Dr. Scott Torreano is a professor of forestry here at Sewanee. He started his career at the University of the South just over 30 years ago, and has since been fascinated by the forestry opportunities at the college. 

Dr. Torreano said the forestry department didn’t have a central area of practice until Snowden was built. Before 1962, Torreano said, forestry was practiced “wherever they would give us room.”

“We were over in what was called Science Hall, which is now Carnegie. The school was much smaller back then. Everybody who was involved with the sciences was in Science Hall. The humanities would have been in Walsh-Ellett. And that was the school, that was the college back then,” says Torreano. “In 1962, Snowden became the first privately funded academic building.”

Dr. Torreano says the building was made possible with the effort of many people who are passionate and loyal to Sewanee. “They worked really, really hard to have a nice building,” he commented. “All this [wood] was donated by forestry industries, people within the department, friends of friends.”

Two years after Cheston’s promotion, forestry became a degree program, offering Sewanee students  a Bachelor of Science. In 1978,  the program evolved into the Department of Natural Resources to include a wider variety of scientific disciplines and curriculum involving the surrounding domain, such as geology. 

During his time here, Dr. Torreano said, he has had many opportunities to explore and study the Domain and the history of its management. 

“Looking at the past can help us have a more sustainable future,” he said, adding that Sewanee hasn’t always had a progressive outlook on forestland. “There’s a period of about 10-15 years where the Domain was really affected by fire and wasteful and improper harvesting of trees,” Torreano said. 
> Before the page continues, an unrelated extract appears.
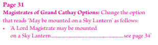 This is likely the biggest change in the FAQ. Effectively this removes the option for the Strategist to take the Sky Lantern as a mount. The effect of this is to remove the cheaper character option for taking a Sky Lantern. In addition since Magistrates are 0-1 per 1000 pts and share that slot with Shugengan Lords, Gate Masters and Supreme Astromancers its now a real choice to take a Lantern in Characters. It also means that even if you aren’t playing with any special comp outside of the Match Play Guide, you can’t take more than 5 Lanterns, where before 7-8 was technically possible.

In the late 1880’s, Vice-Chancellor Telfair Hodgson recognized the economic potential of the woodlands and wanted to clear most of the land. At the same time, many local residents would trespass on the Domain and mercilessly exploit its resources until all that was left was the poorest quality timber and vegetation. 
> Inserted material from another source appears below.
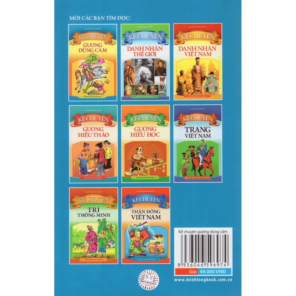 Mua tại TiktokTừ xưa đến nay, có rất nhiều những tấm gương hiếu học đáng để chúng ta noi theo. Cuốn sách Kể chuyện gương dũng cảm khắc hoạ, phản ánh một cách chân thực, sinh động những tấm gương dũng cảm cũng như những câu chuyện hết sức cảm động về tinh thần tương thân tương ái, về lòng thương người cũng như những đức tính tôố đẹp đáng noi gương.Cùng với sự trưởng thành về nhận thức, mỗi chúng ta sẽ tìm thấy trong những câu chuyện ấy nhiều điều mới mẻ hơn, sâu sắc hơn. Cuốn sách, là món quà vô cùng quý giá đối với các em học sinh .

“It’s almost like it was heaven sent,” Dr. Torreano said. “Just when Sewanee needs this help, we have this Vice-Chancellor [Wiggins] who sees the possibilities and who is so moved that he says, ‘I need some help.’” The damage subsided when Wiggins became vice-chancellor and began his correspondence with the United States Bureau of Forestry. They began rebuilding the lush forest and saving it from what seemed like inevitable destruction. 
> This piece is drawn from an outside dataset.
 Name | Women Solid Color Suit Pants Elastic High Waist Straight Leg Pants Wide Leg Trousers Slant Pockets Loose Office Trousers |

Charlotte Ganter, (C ’25), spends the majority of her time in Snowden. She says she always wanted to work outside, but didn’t know exactly what she wanted to do until she got to the University. “I took my first geology class with Dr. Thompson,” she comments, “And I just fell super in love with geology.”

Snowden is a very special place for many current and past students. “It’s a very comforting environment,” Ganter says. “I’m constantly surrounded by people who are interested in the things I’m interested in. It’s a tight-knit community, even with the people who just come in there to study. It’s lovely. All the wood makes it feel very homey. It’s a really good environment to just exist in.”

Since the early 1900s, the University has written at least seven more management plans. These 13,000 acres we sit upon today, 10,000 of which were gifted to us almost 200 years ago, have made Sewanee one of the largest institutions in the country by acreage and a leading force in land conservation and management. 

The Domain’s rich history and evolution of forestry has made the campus a sanctuary for students passionate about the subject. For decades, young students have come to Sewanee in search of unique and extensive instruction immersing them in the 13,000 acres of the Domain. The next hundred years are sure to be prosperous. 

Correction: An earlier version of this article misidentified Sewanee as having one of the biggest forestry programs in the country and described a School of Forestry instead of a Department of Forestry. The Sewanee Purple regrets these errors.